The language is $A = \{a^{n}b^{n}a^{m} : n \geq 0, m \geq 0, n \neq m\}$.
I tried to use the pumping lemma. I chose the string s = $a^p b^pa^{p + p!}$ that is split in $uvxyz$ and must respect
$|vy| > 0$
$|vxy| \leq p$
$uv^ixy^iz \in A, i \in \mathbb{N} $.
I can prove that for some i and $v$ or $y$ is anywhere in $a^pb^p$, the language is not context free. But I don't know how to prove when they are in the last $a$. Whatever $i$ is, this can be pumped. So, I think I chose the wrong s.

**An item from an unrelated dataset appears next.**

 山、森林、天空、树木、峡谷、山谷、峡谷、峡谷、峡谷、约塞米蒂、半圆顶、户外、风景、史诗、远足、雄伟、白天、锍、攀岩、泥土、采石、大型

Any idea how to prove this?
Best Answer
I think that while the language may not be context-free (and it certainly doesn't look context-free), the pumping lemma cannot be used to prove it. It seems to me that you have put your finger on the difficulty. Let $s\in A$. Then $s=a^nb^na^m$ with $n\neq m.$ In the case that $n>m$ we can write $s=uvxyz$ where $$\begin{align} u&=a^n,\\v&=a,\\x&=\varepsilon,\\y&=b,\\z&=b^na^m\end{align}$$ Then for $i\geq0$,$$uv^ixy^iz=a^na^ib^ib^na^m=a^{n+i}b^{n+i}a^m\in L,$$ since $n+i>m$.

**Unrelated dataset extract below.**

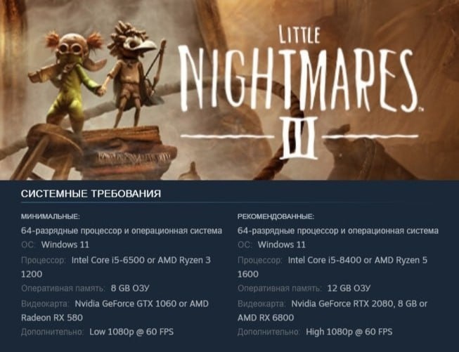 ⚙️ Технические подробности Little Nightmares III — с предзаказами появились системные требования для PC

On the other hand, if $n<m$, we can write $s=uvxyz$ where $$\begin{align} u&=a^nb^na^m,\\ v&=a,\\ x&=\varepsilon,\\ y&=\varepsilon,\\ z&=\varepsilon \end{align}$$ and now for $i\geq0$,$$uv^ixy^iz=a^nb^na^ma^i=a^nb^na^ma^i=a^nb^na^{m+i}\in L,$$ since $n<m+i$.
Thus there is no string that we use can use for a pumping lemma proof.
The Wikipedia article on the pumping lemma states that there are alternatives to the pumping lemma for proving a language is not context-free. They mention Ogden's lemma and the interchange lemma, but I never studied either of these, so I can't be of much help. (Or not until I read up on them, at least.)
I found this example of the use of Ogden's lemma, which may be of use to you. I haven't found out enough about Ogden's lemma yet to understand the example myself.